Closing the Loop From Research Insights Back to the Bedside
Impactful research is driven by everyday challenges faced by clinicians.
For example, insights derived from high-fidelity, continuous physiologic data drive research that can:
- Reshape care protocols: For years, clinical protocols might have restricted how parents interact with critically ill infants due to safety concerns. Research using high-fidelity data tested the hypothesis that parental holding is safe, proving it actually stabilizes the patient. By analyzing continuous physiologic data during holding events, researchers proved that “parental holding” (a care protocol) resulted in measurable hemodynamic improvements, validating family-centered care with hard data.
- Provide clear monitoring thresholds: Clinicians often rely on a single, static number for all patients. New research shows that a patient’s true “safe zone” is unique to their own physiology, and staying within that specific threshold is critical for survival. A 2025 study demonstrated that when clinicians understand a patient’s individualized autoregulation limit (derived from high-frequency trends), they can see that time spent below this specific threshold correlates with worse outcomes.
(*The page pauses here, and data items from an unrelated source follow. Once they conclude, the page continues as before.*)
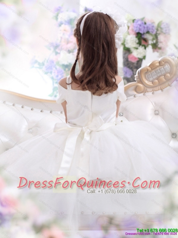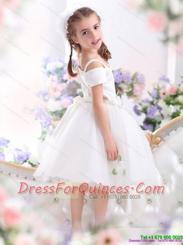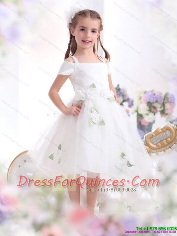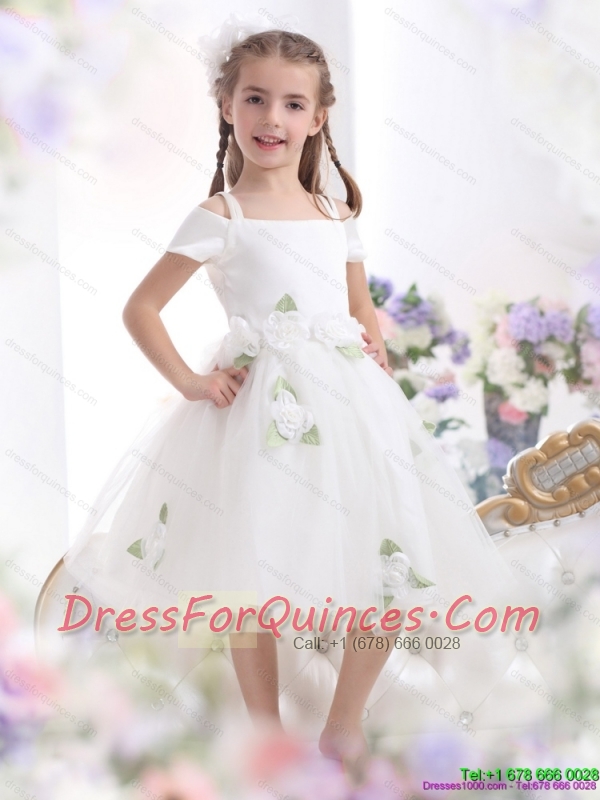 Adorable Spaghetti Straps White 2015 Little Girl Pageant Dress with Hand Made Flowers
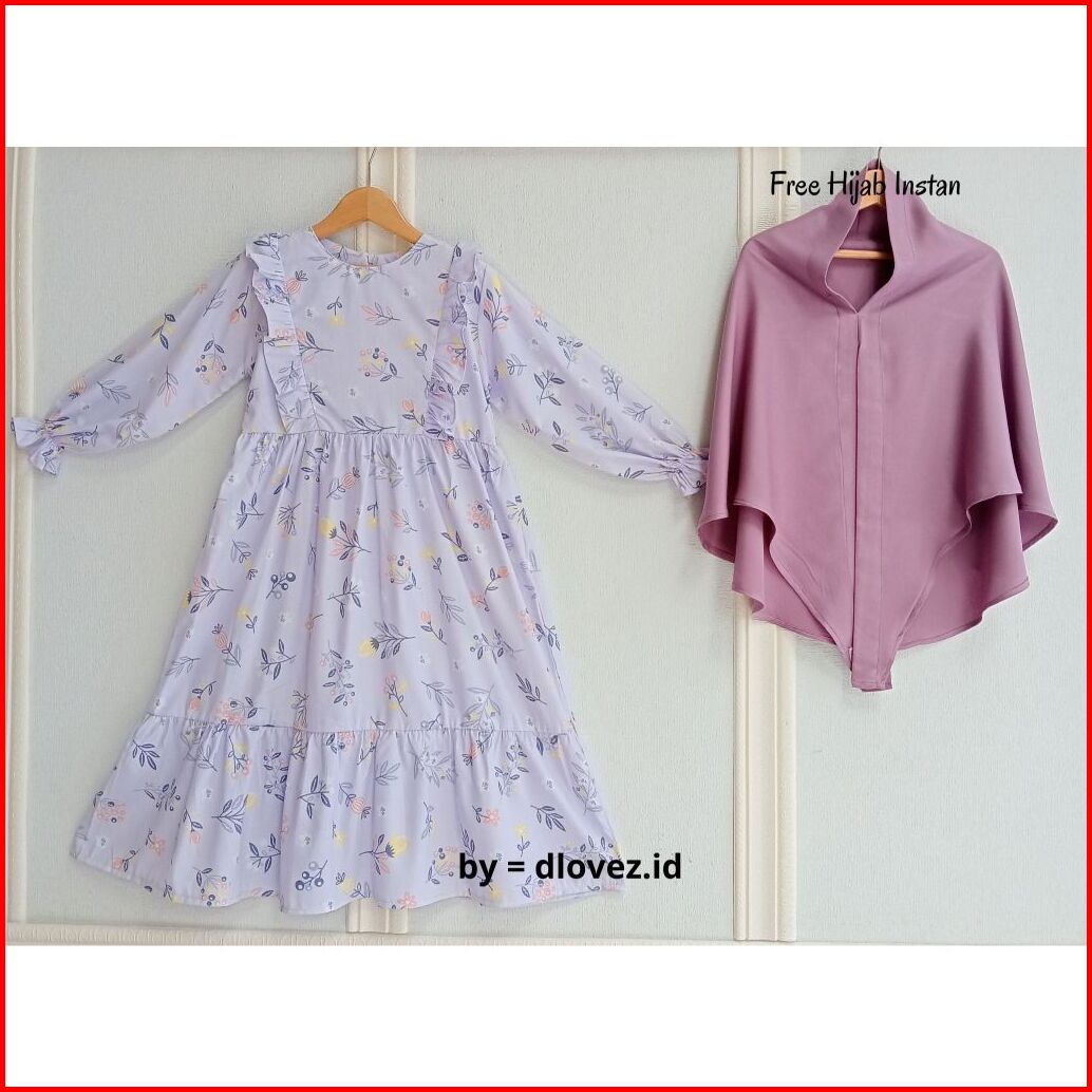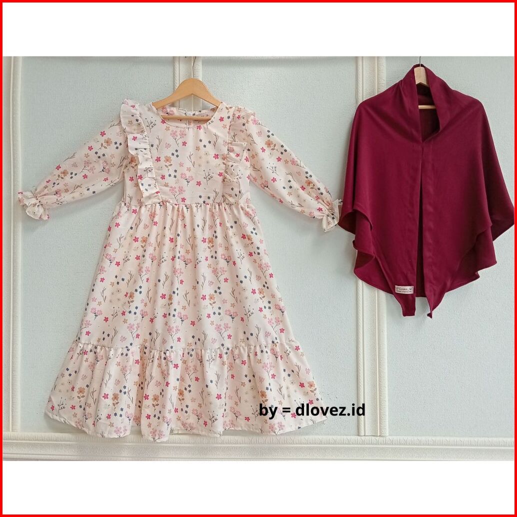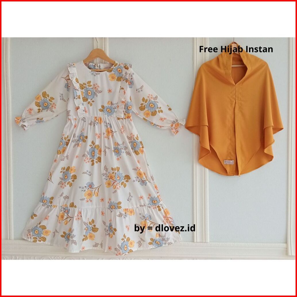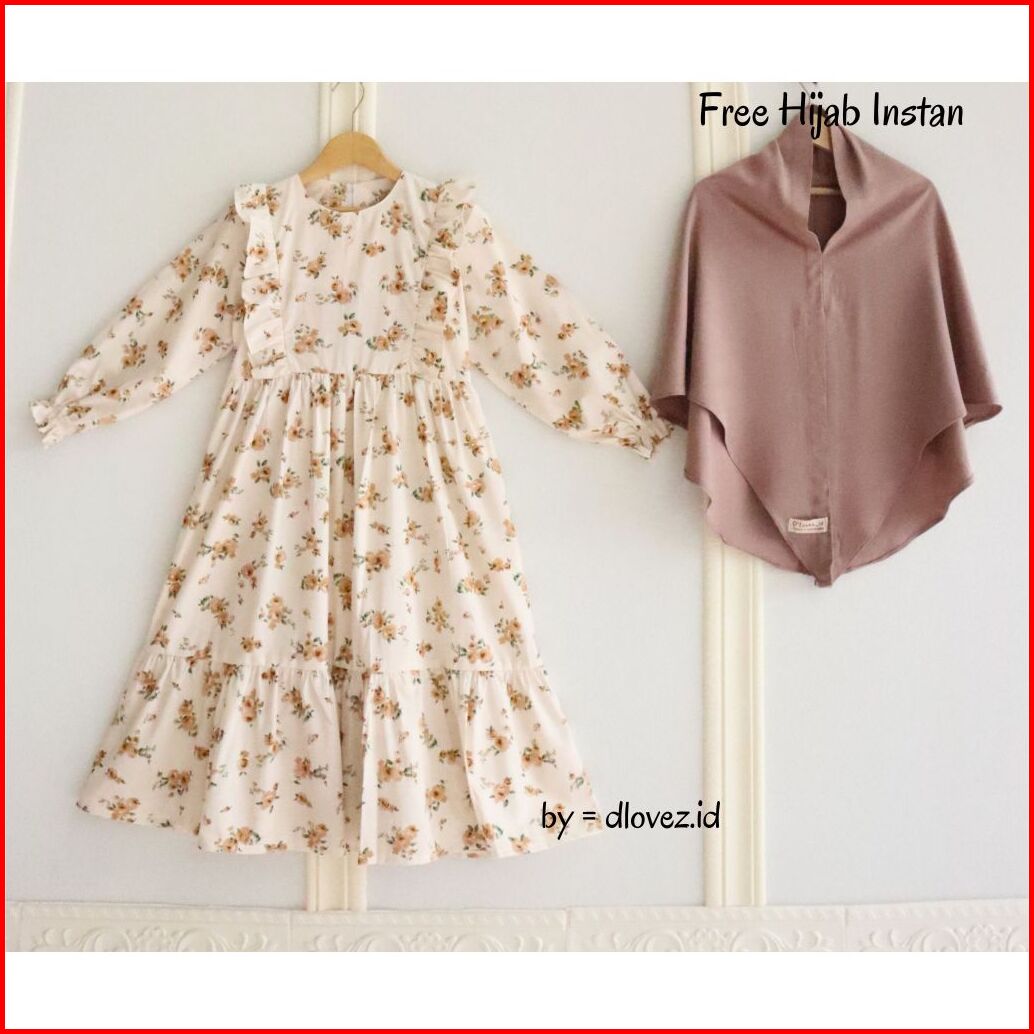 Set Gamis Anak Free Hijab 1 - 10 Tahun Kaira Set Gamis Dress
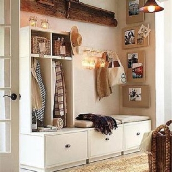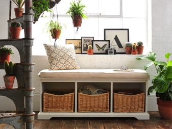 يُظهر هذا الأثاث للضيوف على الفور النمط الذي صنعته الشقة نفسها. يمكنك الجلوس على المقاعد ، مما يمنحك راحة أكبر عند تغيير الأحذية. هناك بعض أنواع هذا الأثاث ، حيث يمكنك طي شيء بداخله – نفس النعال أو غيرها من الأدوات المنزلية المهمة ، على سبيل المثال ، منتجات العناية بالأحذية.
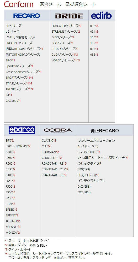 ランサーエボリューション/1〜4 (LS、SR3)/5〜6(SPORT-J※1)/7〜9(専用シート/SP-JS特殊ピッチ※1)/シビックタイプR/EK9(SR3)/EP3(SPORT-J※1)/インテグラタイプR/DC2(SR3)/DC5(SR4)
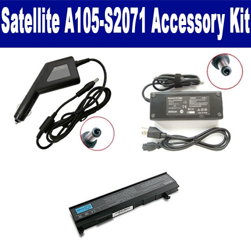 Toshiba Satellite A105-S2071 Laptop Accessory Kit includes the following items: 1) PA3465U Laptop Battery - High-Capacity (4400mAh 6-Cell Lithium-Ion) Replacement For Toshiba PA3465U Rechargeable Laptop Battery 2) SDA-3506 Laptop Adapter (19 Volt, 3.42 Amp, 65 Watt) 3) SDA-3556 Laptop DC Adapter / Car Charger (19 Volt, 3.42 Amp, 65 Watt)
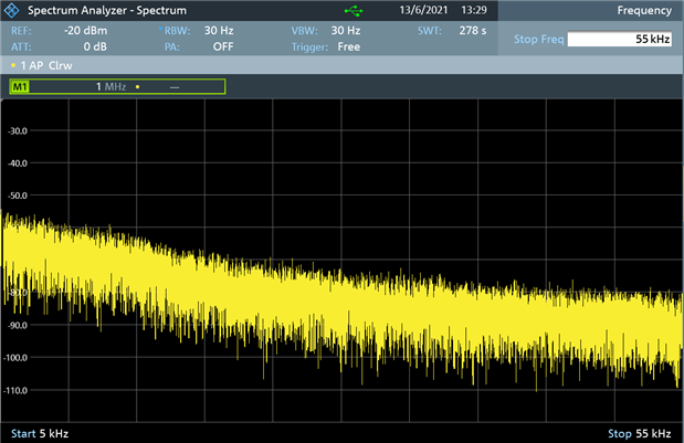With no input signal I am seeing what I feel is an unexpected response below 2.5 MHz. I will attach some pics to demonstrate. I first noticed this on powering up or on a preset a yellow line spike can be seen on the far left of the screen going all the way to the top of the screen. This is there but hard to see in the screen shot. When the frequency span is adjusted it is clear that the noise floor rises rapidly below 2.5 MHz. (see pic #2) The data sheet indicates a 5 KHz - 3 GHz operating bandwidth. I have gone through some of the specs and it seems otherwise to be operating within them. Am I seeing a normal and expected behavior or is there an incorrect setting or something misbehaving? Lowering the BW limits do improve this but there is still a sharp rise approaching 5 KHz. rise . Perhaps this is a just a firmware glitch? (Firmware v1.60)

- Streamline patient risk stratification: Retrospective analysis of high-resolution data allows hospitals to cluster patients into specific risk groups based on how their blood pressure behaves over time, rather than waiting for a lab test to show failure. For instance, by retrospectively analyzing continuous blood pressure trajectories, researchers identified specific “hemodynamic phenotypes” associated with higher hypotension burden, allowing clinicians to stratify risk early in the dialysis process and intervene before severe injury occurs.
The benefits to hospitals and health systems are numerous, from improved patient outcomes to reduced length of stay to less unnecessary ICU transfers.
The Growth of Data-Driven Research: A Case Study
Utilizing high-fidelity data in research is growing in real time.
In September 2025, a group of researchers published a paper that included a systematic review of pediatric literature to assess the use of complete, high-fidelity patient data pulled from a pair of patient monitoring platforms.
The literature review found that the number of publications using either data platform has been “significantly increasing” over the past 9 years.
“Although the majority of these are single-centre and pertain to cardiac patients,” the authors write, “growth in publication volume suggests growing utilisation of high-fidelity physiologic data beyond clinical application.”
Using Sickbay’s Analytics tools, researchers have earned more than $10 million in grant funding and published over 100 publications, posters, and presentations.
Turning Clinical Data into Real-World Impact
Healthcare innovation has never moved faster, as the paper cited above indicates, and advanced research remains the essential driver to innovation. Yet researchers are often left conducting research with data that doesn’t easily translate to clinical practice.
High-fidelity physiologic data gathered directly from patient populations on a continuous basis provides the data foundation needed to ensure advanced research can meet the impacts it hopes to achieve.
Sickbay, the clinical data monitoring platform, enables collection of high-fidelity data in near-real time, while seamlessly integrating with EHRs to inform both researchers and clinicians.
In this way, Sickbay accelerates clinical research by more easily connecting researchers with sources of data, providing a clear, holistic picture of patient trends. As well, researchers are better able to validate data because of Sickbay’s seamless integration and device interoperability.
Overall, Sickbay helps researchers and clinicians alike bridge the gap from hypothesis to healing.
Trusted data is the foundation of modern clinical care. It should be the foundation of modern research innovation, as well.